*** Begin section ***

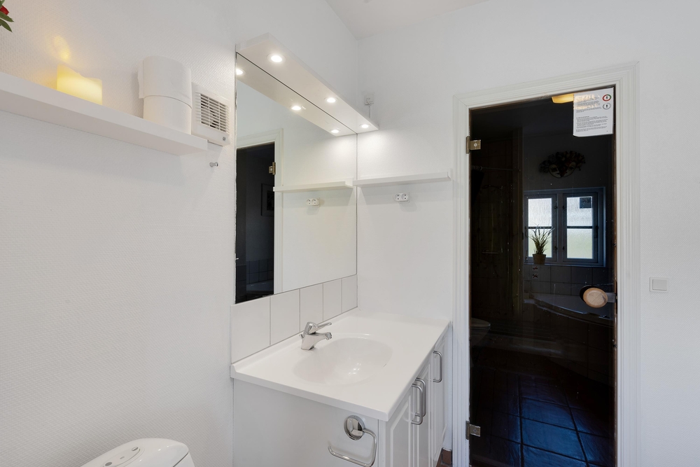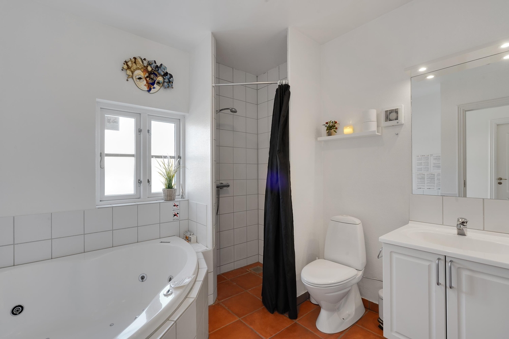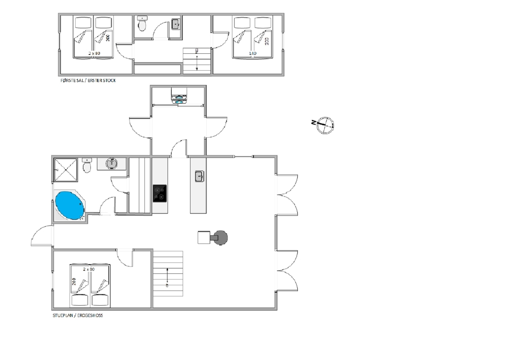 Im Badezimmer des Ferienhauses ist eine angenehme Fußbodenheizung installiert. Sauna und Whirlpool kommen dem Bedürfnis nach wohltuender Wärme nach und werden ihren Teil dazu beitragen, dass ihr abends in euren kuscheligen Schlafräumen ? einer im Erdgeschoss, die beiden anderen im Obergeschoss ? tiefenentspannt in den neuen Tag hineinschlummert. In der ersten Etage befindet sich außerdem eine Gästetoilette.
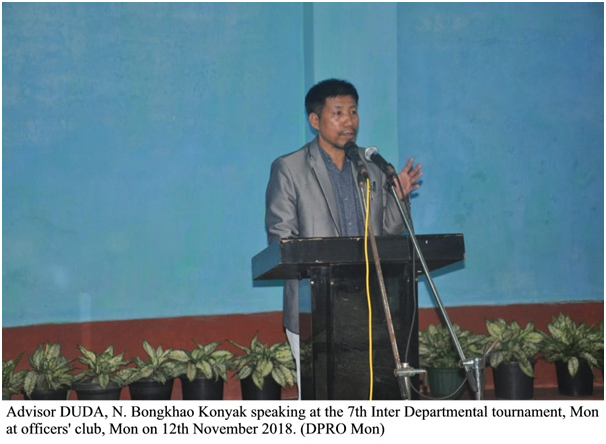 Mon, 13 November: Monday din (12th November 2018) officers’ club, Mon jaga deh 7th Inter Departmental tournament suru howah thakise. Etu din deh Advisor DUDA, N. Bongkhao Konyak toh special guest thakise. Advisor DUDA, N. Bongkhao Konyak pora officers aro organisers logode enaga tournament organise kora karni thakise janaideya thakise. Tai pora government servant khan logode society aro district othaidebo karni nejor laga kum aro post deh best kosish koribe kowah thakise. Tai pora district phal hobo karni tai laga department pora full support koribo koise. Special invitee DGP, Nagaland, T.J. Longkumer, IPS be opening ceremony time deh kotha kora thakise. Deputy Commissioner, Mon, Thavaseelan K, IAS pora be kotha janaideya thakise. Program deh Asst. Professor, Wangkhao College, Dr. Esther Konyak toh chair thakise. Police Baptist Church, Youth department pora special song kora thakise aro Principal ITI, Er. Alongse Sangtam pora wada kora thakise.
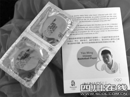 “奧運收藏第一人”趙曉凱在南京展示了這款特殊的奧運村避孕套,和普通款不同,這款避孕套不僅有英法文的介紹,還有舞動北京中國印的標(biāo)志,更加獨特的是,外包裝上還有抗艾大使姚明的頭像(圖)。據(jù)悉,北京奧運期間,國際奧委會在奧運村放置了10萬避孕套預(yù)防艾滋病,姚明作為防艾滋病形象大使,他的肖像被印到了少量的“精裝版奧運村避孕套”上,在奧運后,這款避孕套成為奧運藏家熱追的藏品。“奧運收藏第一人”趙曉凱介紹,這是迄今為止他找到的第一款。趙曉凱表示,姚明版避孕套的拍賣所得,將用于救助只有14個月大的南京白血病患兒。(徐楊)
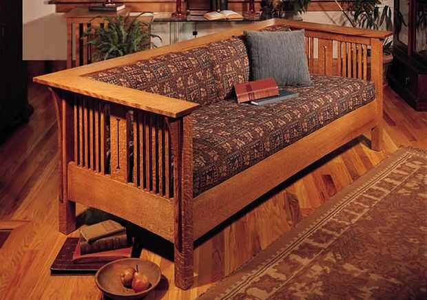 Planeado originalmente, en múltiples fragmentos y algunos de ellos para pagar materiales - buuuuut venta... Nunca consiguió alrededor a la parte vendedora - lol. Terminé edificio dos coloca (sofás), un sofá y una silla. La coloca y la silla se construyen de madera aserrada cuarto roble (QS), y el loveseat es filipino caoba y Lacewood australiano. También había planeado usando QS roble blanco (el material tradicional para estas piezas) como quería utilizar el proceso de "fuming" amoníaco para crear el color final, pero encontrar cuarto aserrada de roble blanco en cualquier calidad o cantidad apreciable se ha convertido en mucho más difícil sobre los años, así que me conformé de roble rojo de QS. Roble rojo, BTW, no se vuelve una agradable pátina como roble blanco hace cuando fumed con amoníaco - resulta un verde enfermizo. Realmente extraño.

*** End section ***

◆ WHAT TO WORK ON: Your response must consist of the material above, reproduced word for word, with the images omitted.

◆ FINISHED EXERCISE:
 Im Badezimmer des Ferienhauses ist eine angenehme Fußbodenheizung installiert. Sauna und Whirlpool kommen dem Bedürfnis nach wohltuender Wärme nach und werden ihren Teil dazu beitragen, dass ihr abends in euren kuscheligen Schlafräumen ? einer im Erdgeschoss, die beiden anderen im Obergeschoss ? tiefenentspannt in den neuen Tag hineinschlummert. In der ersten Etage befindet sich außerdem eine Gästetoilette.
 Mon, 13 November: Monday din (12th November 2018) officers’ club, Mon jaga deh 7th Inter Departmental tournament suru howah thakise. Etu din deh Advisor DUDA, N. Bongkhao Konyak toh special guest thakise. Advisor DUDA, N. Bongkhao Konyak pora officers aro organisers logode enaga tournament organise kora karni thakise janaideya thakise. Tai pora government servant khan logode society aro district othaidebo karni nejor laga kum aro post deh best kosish koribe kowah thakise. Tai pora district phal hobo karni tai laga department pora full support koribo koise. Special invitee DGP, Nagaland, T.J. Longkumer, IPS be opening ceremony time deh kotha kora thakise. Deputy Commissioner, Mon, Thavaseelan K, IAS pora be kotha janaideya thakise. Program deh Asst. Professor, Wangkhao College, Dr. Esther Konyak toh chair thakise. Police Baptist Church, Youth department pora special song kora thakise aro Principal ITI, Er. Alongse Sangtam pora wada kora thakise.
 “奧運收藏第一人”趙曉凱在南京展示了這款特殊的奧運村避孕套,和普通款不同,這款避孕套不僅有英法文的介紹,還有舞動北京中國印的標(biāo)志,更加獨特的是,外包裝上還有抗艾大使姚明的頭像(圖)。據(jù)悉,北京奧運期間,國際奧委會在奧運村放置了10萬避孕套預(yù)防艾滋病,姚明作為防艾滋病形象大使,他的肖像被印到了少量的“精裝版奧運村避孕套”上,在奧運后,這款避孕套成為奧運藏家熱追的藏品。“奧運收藏第一人”趙曉凱介紹,這是迄今為止他找到的第一款。趙曉凱表示,姚明版避孕套的拍賣所得,將用于救助只有14個月大的南京白血病患兒。(徐楊)
 Planeado originalmente, en múltiples fragmentos y algunos de ellos para pagar materiales - buuuuut venta... Nunca consiguió alrededor a la parte vendedora - lol. Terminé edificio dos coloca (sofás), un sofá y una silla. La coloca y la silla se construyen de madera aserrada cuarto roble (QS), y el loveseat es filipino caoba y Lacewood australiano. También había planeado usando QS roble blanco (el material tradicional para estas piezas) como quería utilizar el proceso de "fuming" amoníaco para crear el color final, pero encontrar cuarto aserrada de roble blanco en cualquier calidad o cantidad apreciable se ha convertido en mucho más difícil sobre los años, así que me conformé de roble rojo de QS. Roble rojo, BTW, no se vuelve una agradable pátina como roble blanco hace cuando fumed con amoníaco - resulta un verde enfermizo. Realmente extraño.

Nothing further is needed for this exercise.